In Section 3.3.1, we briefly review the MixColumn function of AES and show that key-dependent collisions can occur in one of its output bytes. In Section 3.3.2, we propose an optimized variant of the attack. We show that precomputed tables of a total size of 540 MB can be used to derive an average of 32 key bits with only 31 encryptions. Furthermore, if the attack is applied in parallel to all four columns, 128 key bits can be extracted with an average of only 40 encryptions. Finally, in Section 3.3.4, we give details about our simulated and real-world attacks against a 8051-based microcontroller running AES in assembly.

3.3.1. Collisions in the MixColumn Transformation

The MixColumn transformation is linear and bijective and its main purpose in AES is diffusion.
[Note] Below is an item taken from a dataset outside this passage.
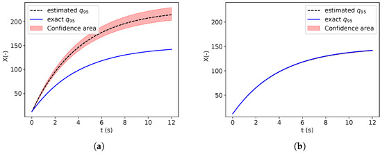 Estimation of the quantile and its confidence area before refinement (a) and after 10 active-learning iterations (b).

It maps a four-byte column vector to a four-byte column vector. Throughout this paper we follow the notation used in [DR02]. The mathematical background of the MixColumn transformation is as follows: 4-byte columns are considered as polynomials over $GF(2^8)$ modulo $m(x) = x^8 + x^4 + x^3 + x + 1$. The input polynomial is multiplied with the fixed polynomial

$$c(y) = 03 \cdot y^3 + 01 \cdot y^2 + 01 \cdot y + 02$$

where 01, 02 and 03 refer to the $GF(2^8)$ elements 1, $x$ and $x + 1$, respectively. If we refer to the input column as $a(y)$ and to the output column as $b(y)$, the MixColumn transformation can be stated as

$$b(y) = a(y) \times c(y) \mod y^4 + 1$$

This specific multiplication with the fixed polynomial $c(y)$ can also be written as a matrix multiplication

$$\begin{pmatrix} b_{00} \\ b_{10} \\ b_{20} \\ b_{30} \end{pmatrix} = \begin{pmatrix} 02 & 03 & 01 & 01 \\ 01 & 02 & 03 & 01 \\ 01 & 01 & 02 & 03 \\ 03 & 01 & 01 & 02 \end{pmatrix} \times \begin{pmatrix} a_{00} \\ a_{10} \\ a_{20} \\ a_{30} \end{pmatrix}$$

If we look at the first output byte $b_{00}$, it is given by\textsuperscript{15}

$$b_{00} = 02 \cdot a_{00} + 03 \cdot a_{10} + 01 \cdot a_{20} + 01 \cdot a_{30}$$

\textsuperscript{15}The symbol $+$ denotes an addition modulo 2, i.e. the binary $\lor$-addition.
If we focus on the first round, we can substitute $a_{00}, a_{10}, a_{20}$ and $a_{30}$ with $S(p_{00} + k_{00}), S(p_{11} + k_{11}), S(p_{22} + k_{22})$ and $S(p_{33} + k_{33})^{16}$. The output byte $b_{00}$ can then be written as

$$b_{00} = 02 \cdot S(p_{00} + k_{00}) + 03 \cdot S(p_{11} + k_{11}) + 01 \cdot S(p_{22} + k_{22}) + 01 \cdot S(p_{33} + k_{33})$$

The main idea of this attack is to find two different plaintext pairs with the same output byte $b_{00}$. We are only considering plaintexts with $p_{22} = p_{33}$ while all remaining plaintext bytes, such as $p_{00}$ and $p_{11}$, are assumed to be constant for right now. If two plaintexts with $p_{22} = p_{33} = \delta$ and $p'_{22} = p'_{33} = \epsilon \neq \delta$ result in an equal output byte $b_{00}$, the following equation is satisfied:

$$S(\delta + k_{22}) + S(\delta + k_{33}) = S(\epsilon + k_{22}) + S(\epsilon + k_{33})$$

Suppose that an adversary has the necessary experience and measurement instrumentation to detect this collision in $b_{00}$ (or any other output byte of the mix column transformation) with side channel analysis. First, he sets the two plaintext bytes $p_{22}$ and $p_{33}$ to a random value $\delta = p_{22} = p_{33}$. As next, he encrypts the corresponding plaintext, measures the power trace and stores it on his computer. He then keeps generating new random values $\epsilon = p'_{22} = p'_{33}$ unequal to previously generated values of $\delta, \epsilon$, and so on. He encrypts each new plaintext, measures and stores the corresponding power trace and cross-correlates it with all previously stored power traces until he detects a collision in output byte $b_{00}$. Once a collision has been found the task is to deduce information about $k_{22}$ and $k_{33}$.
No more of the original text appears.